EXERCISE DESCRIPTION
Would you please print exactly the lines that run from the one with "Aşkın en klasik" to the last line of the data, both included, without any pictures?

DATA FOR PROCESSING
-*-

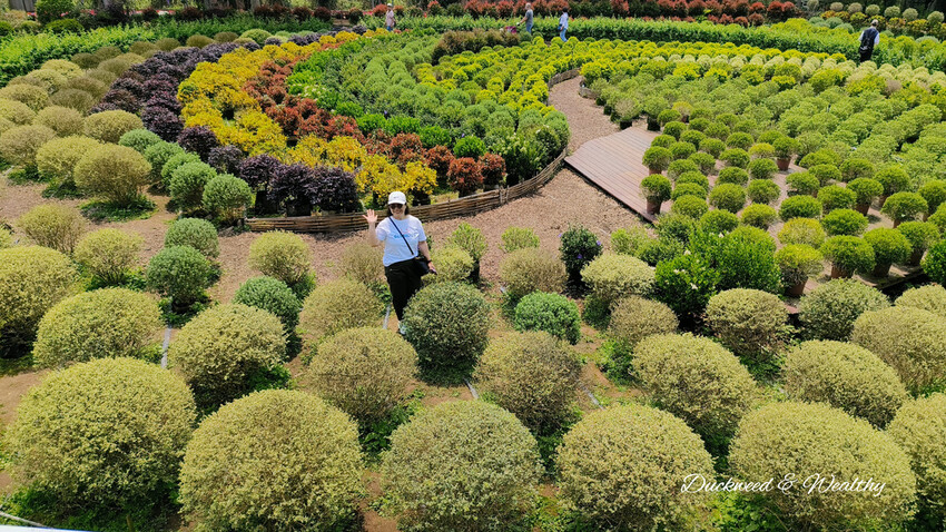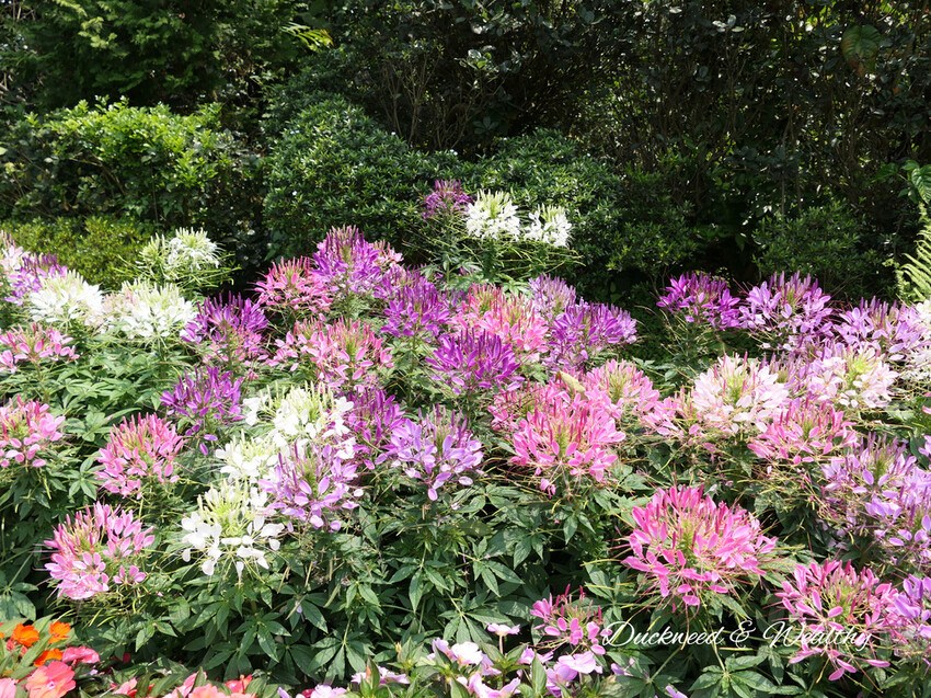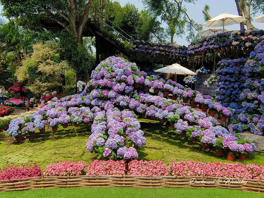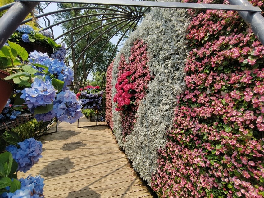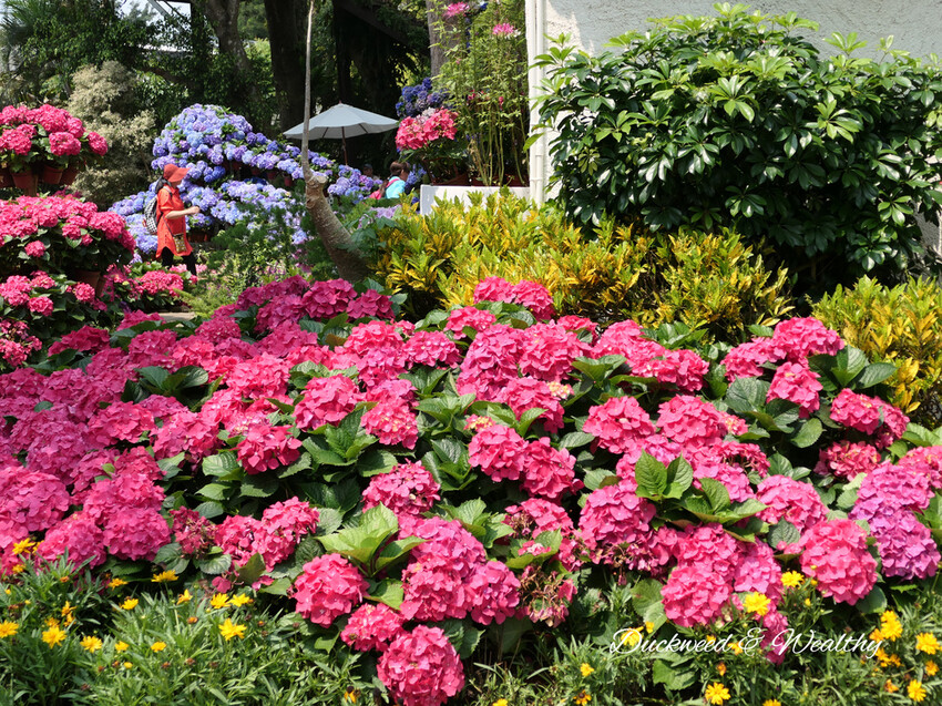 像是現在正值繡球花滿開季節,園區繽紛多彩的繡球花
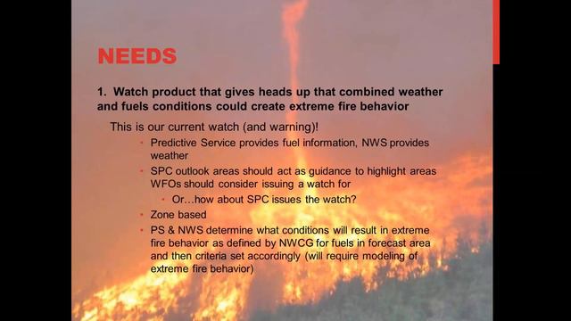 An overview of the Red Flag Warning and how the criteria was initially developed. There is a new analysis being evaluated this provides an overview of the ongoing efforts to update the criteria.
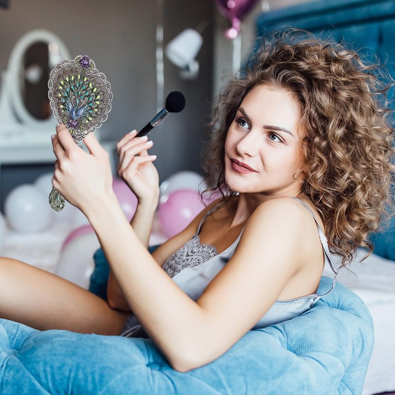 Utility: Peacock pattern, heart-shaped mirror, vintage style design. Attractive color matching. Hand-painted. On machine-made metal bases, craftsmen manually fill in colors. Great choice for makeup mirror which fully displays uniqueness and taste
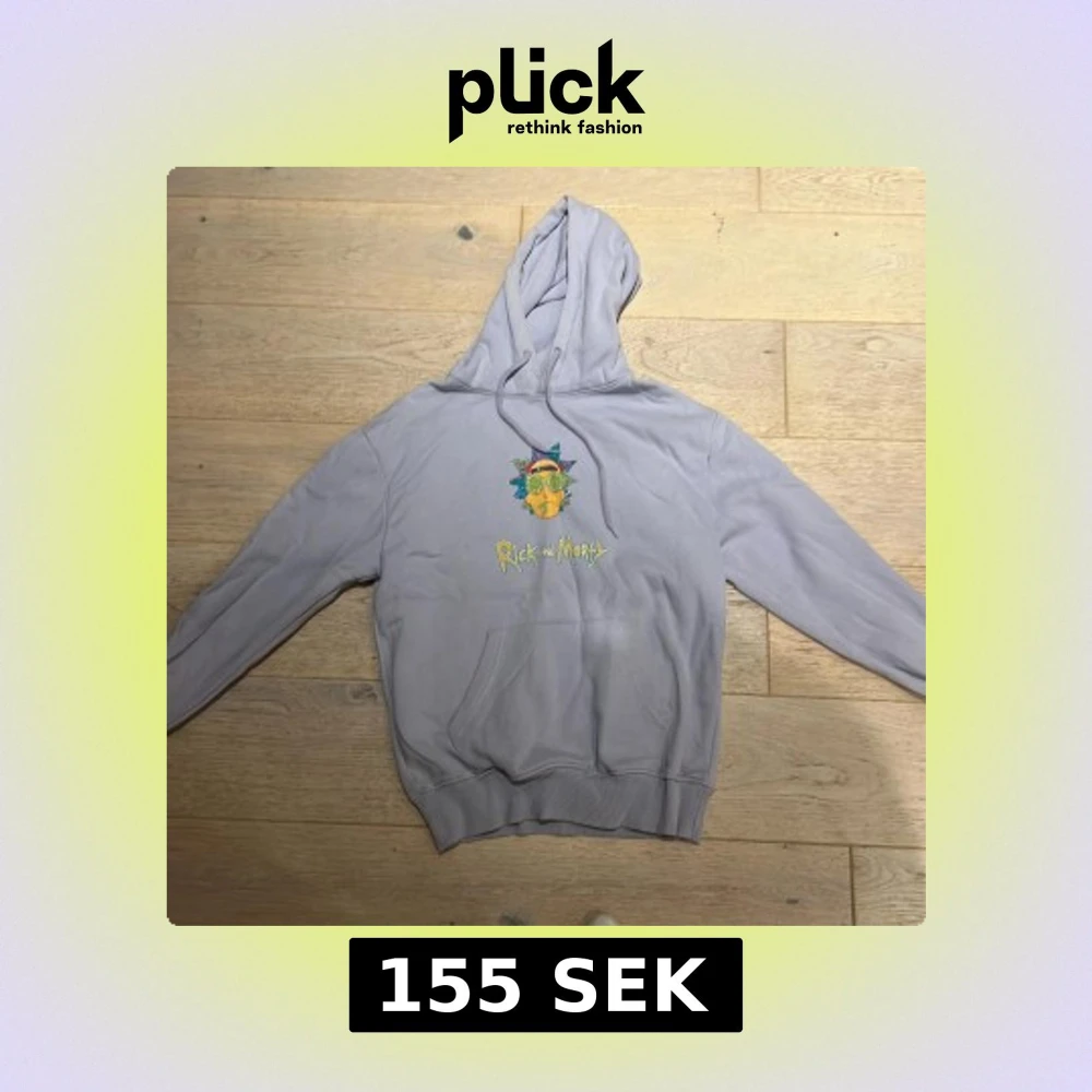 Ljuslila Rick and Morty hoodie från Pull&Bear i storlek XS. Stor färgglad print både fram och bak med coolt motiv och logga. Klassisk känguruficka, snörning i huvan och mjukt bomullsmaterial. Perfekt för dig som älskar serien och vill sticka ut.
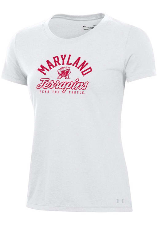 Display your team spirit with this remarkable Maryland Terrapins White Preformance Short Sleeve T-Shirt! The Maryland Short Sleeve Tee showcases a screen print team name and logo center chest that truly sets it apart. Stand out from the crowd and proudly declare your allegiance to the Terrapins with this exceptional White Maryland T-Shirt. Go Terps!
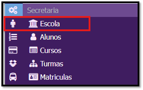 1. Clique menu secretaria e selecione o modulo de Escola;
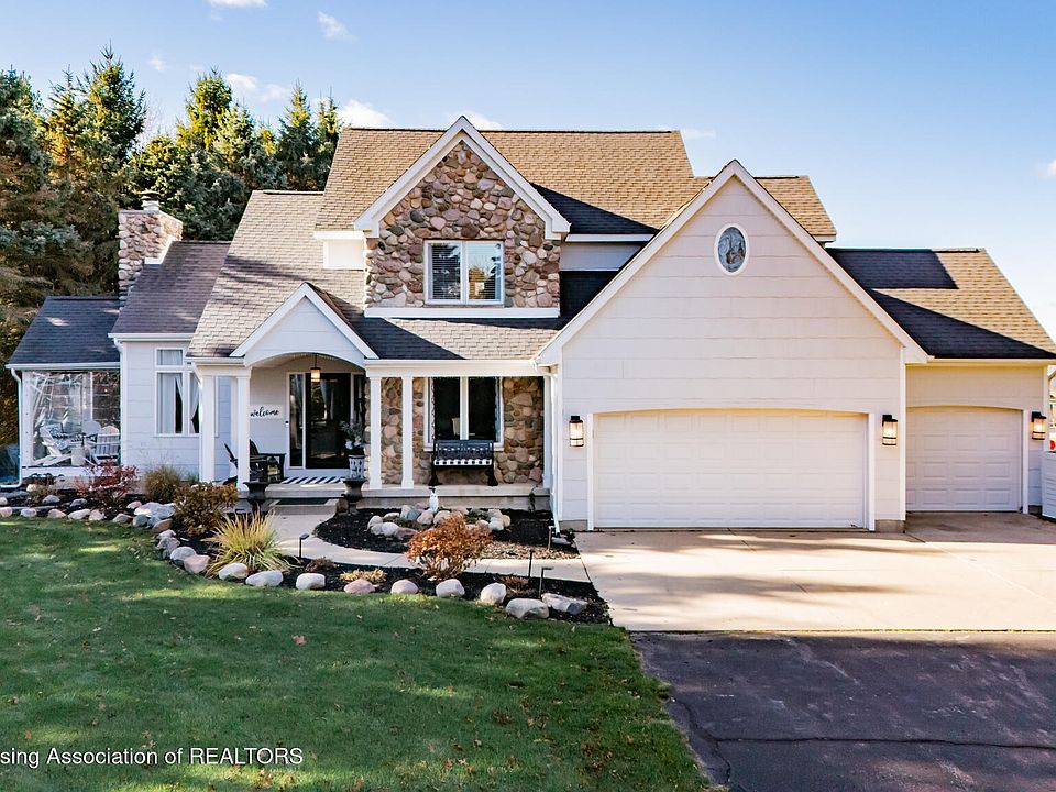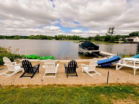 Scenic Lake. Fabulous waterfront home on this rarely available distinguished private All-Sport's lake! With this home, the lake life is not just for weekend travel, this is every day, four-season, lake living at its best! Scenic Lakes' well-kept secret is it suits both the desire for a quiet view and an active lake lifestyle, such as swimming, boating, ice skating and hockey, plus great fishing to name a few. Nestled off the road with approximately 1.8 acres with views galore, this cottage and home in one is truly special with its craftsman design both inside and out. The front porch is welcomingly accented with shaker shingles leading to the dramatic foyer and great room including special ceiling heights and amazing beam work, anchored by a floor to ceiling stately stone fireplace. Enjoy access to a covered porch with a stone wall-an amazing space including special lighting to relax and catch a sunset or sunrise all year. The porch converts to a cozy igloo inspired winter retreat with custom panels and overhead heating - perfect for sipping a warm beverage while admiring the snowfall surrounding you. The kitchen is stunning and a great gathering place including a bay window and door, center island, loads of cabinets, granite countertops, stainless-steel appliances plus a special multi use serving center with custom live edge wood counter top, dual temperature zone beverage refrigerator plus an amazing tiled back splash and a pantry too! Flex space with a 1st floor study or formal dining or extra guest sleeping quarters! Great drop zone and first floor laundry off the 3-car garage with additional overhead storage plus a service door. The newer patio, steppingstone walkway and garden area are made for outside living with a built-in custom fire pit plus a putting green! Meander to the lake with a gorgeous and amazing sandy beach and two docks! Plenty of play area space with the large green grass area overlooking Scenic Lake. Three bedrooms on the second floor. The primary bedroom has fabulous water views, a walk-in closet plus a stunning new bath which includes two vanities and a designer shower for two including a transom window, euro door, and dreamy 2'x 3' tiles. The other two bedrooms are generous in size, one viewing the beach and the other with beautiful front lawn landscaping and tall evergreen trees. Partially finished lower level with nice high ceilings! Excellent extra space or exercise alcove. Nestled in a desirable area and established neighborhood. Enjoy "beyond amazing" 4th of July holiday celebrations on the lake: fireworks, volleyball tournament, corn hole tournament, kids' bike parade, bass tournament, picnic, and more! Enjoy the sunset from your beach or on a cruise! See attached list of upgrades (over $80K since ownership) and come live the dream! Seller reserves: All TV's, Flex Room gold frame mirror, washer/dryer, and paddle (hanging from beam).
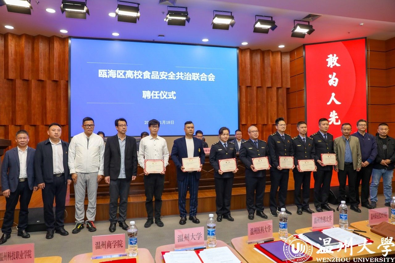 会上,各成员单位共同签署了《温州市瓯海区高校食品安全联合会公约》。日本a片 被推荐为联合会首任轮值院校,吴雪梅为其授牌。
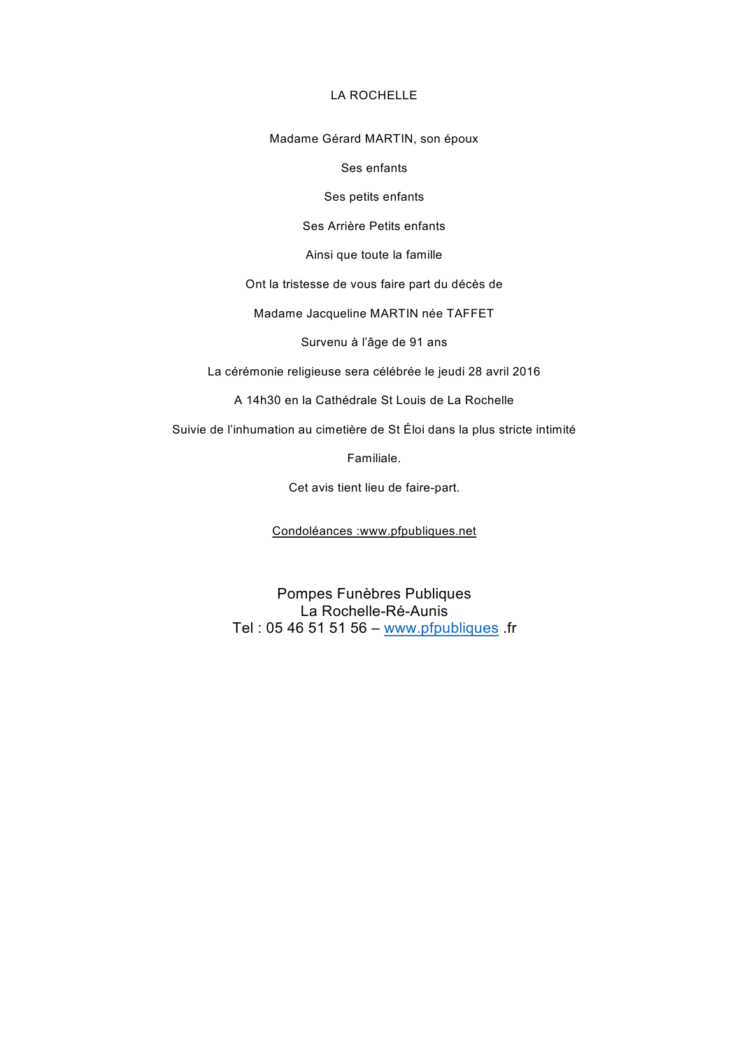 Décédée à L'Houmeau (17137, France) le jeudi 21 avril 2016 à l'âge de 91 ans
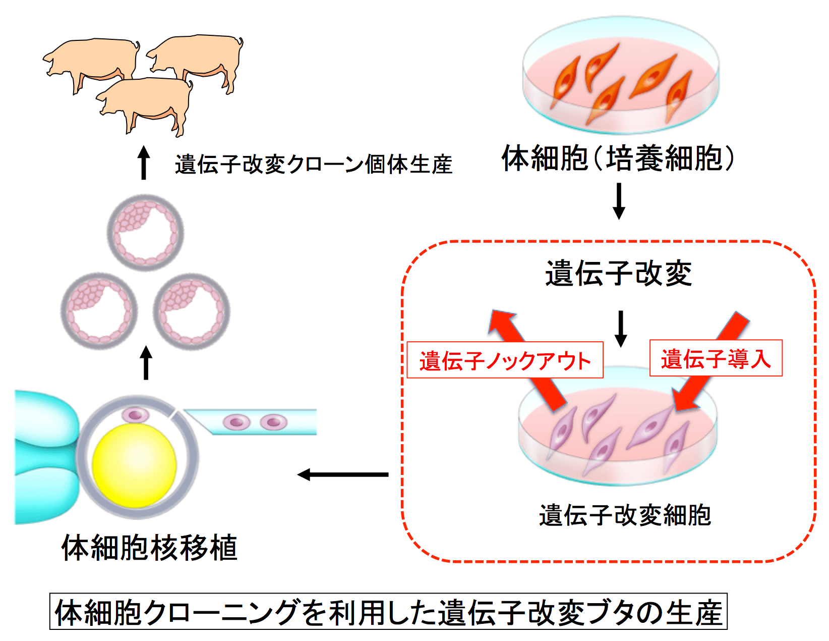 培養体細胞の核(2n)を、核を除去した卵細胞質内に移植して、クローン胚を作ります。移植された核の分化状態がリセット(初期化)され、クローン胚は受精卵と同様な発生を開始します。このようなクローン胚を借り腹雌に移植すると、クローン個体が生まれます。唾液腺幹細胞、前駆脂肪細胞など、ユニークな細胞から、世界で初めてクローンブタを生産した他、様々な遺伝子改変細胞からのクローンブタ生産に成功しています
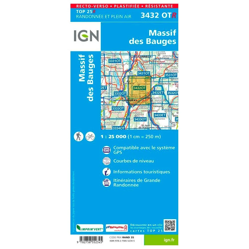 Caractéristiques de la IGN 3432OTR Massif des Bauges :
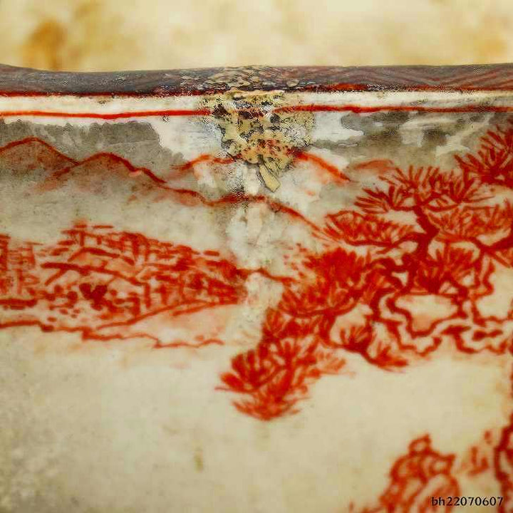 盆栽鉢 彦山人 小鉢 長辺 約 5.8cm 正方鉢 赤絵 山水画 中古鉢 l1198413277
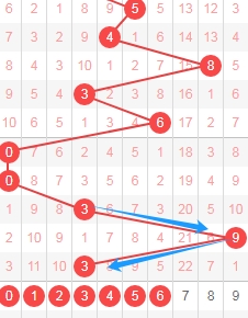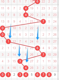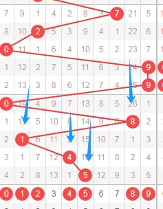 上图是体彩排列五从左到右定位第三位数字,我标注出来的数字都是遗漏周期小的数字,我标注出来的蓝色箭头表示遗漏周期,上期开出数字4遗漏周期是7期,本期关注遗漏周期小的数字0134678,个人最看好数字0178。
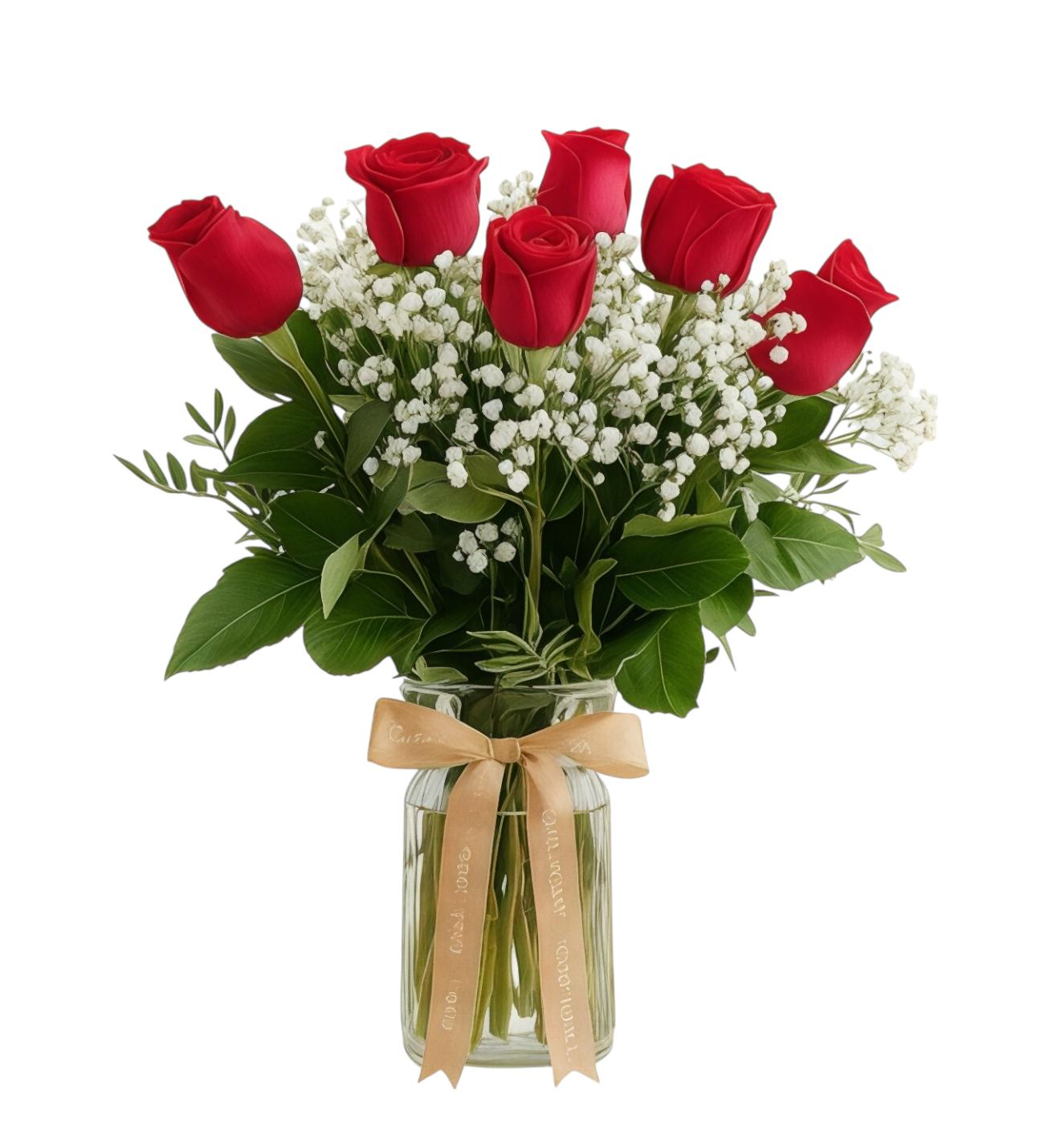 Aşkın en klasik ve en etkileyici hali… “Aşkın Simgesi” aranjmanı, 6 adet canlı kırmızı gül ile beyaz cipso çiçeklerinin zarif birleşiminden oluşur. Cam silindirik vazo içinde sade ama şık bir şekilde sunulan bu tasarım, altın tonlarında “çiçekyolla” logolu saten kurdeleyle tamamlanmıştır. Romantik duyguları ifade etmenin en yalın ve etkileyici yoludur.
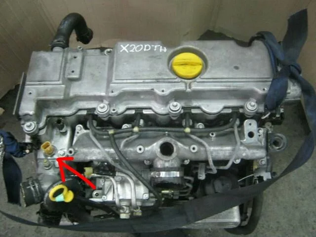 Месторасположение на двигателе датчика температуры на стрелку, Опель Вектра С, 2.2, дизель, 2002 г
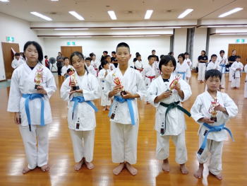 午後からの組手試合は団体戦。中学生がそれぞれチームを率いて監督となり、作戦を立てて練習し、各チームが工夫を凝らしました。中学生の監督姿はとても立派で、小学生は仲間の応援を受けて力を発揮することができました。決勝はAチーム対Dチームとなり、新ルールをうまく利用して、5人の団結の結果、Dチームが優勝となりました。
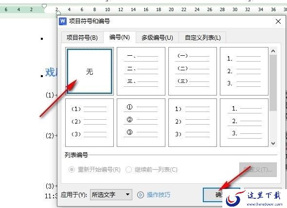 3、第三步,打开“项目符号和编号”选项之后,我们在项目符号和编号弹框中点击选择“无”选项,再点击“确定”选项即可
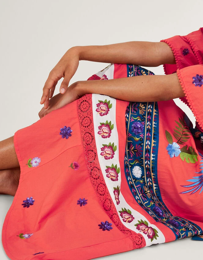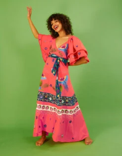 Ready for a fiesta? Our Lucy dress is designed with statement layered sleeves and embroidered trims for movement as you dance the night away. Splashed with a tangerine backdrop, Lucy’s wrap style bodice is embroidered with macaws in flight and sparkling florals. Cinching in at the waist with a contrast tie belt, she falls into a slightly dipped hemline, allowing your pedicure to peep through.

-*-

TASK ANSWER
 Aşkın en klasik ve en etkileyici hali… “Aşkın Simgesi” aranjmanı, 6 adet canlı kırmızı gül ile beyaz cipso çiçeklerinin zarif birleşiminden oluşur. Cam silindirik vazo içinde sade ama şık bir şekilde sunulan bu tasarım, altın tonlarında “çiçekyolla” logolu saten kurdeleyle tamamlanmıştır. Romantik duyguları ifade etmenin en yalın ve etkileyici yoludur.
 Месторасположение на двигателе датчика температуры на стрелку, Опель Вектра С, 2.2, дизель, 2002 г
 午後からの組手試合は団体戦。中学生がそれぞれチームを率いて監督となり、作戦を立てて練習し、各チームが工夫を凝らしました。中学生の監督姿はとても立派で、小学生は仲間の応援を受けて力を発揮することができました。決勝はAチーム対Dチームとなり、新ルールをうまく利用して、5人の団結の結果、Dチームが優勝となりました。
 3、第三步,打开“项目符号和编号”选项之后,我们在项目符号和编号弹框中点击选择“无”选项,再点击“确定”选项即可
 Ready for a fiesta? Our Lucy dress is designed with statement layered sleeves and embroidered trims for movement as you dance the night away. Splashed with a tangerine backdrop, Lucy’s wrap style bodice is embroidered with macaws in flight and sparkling florals. Cinching in at the waist with a contrast tie belt, she falls into a slightly dipped hemline, allowing your pedicure to peep through.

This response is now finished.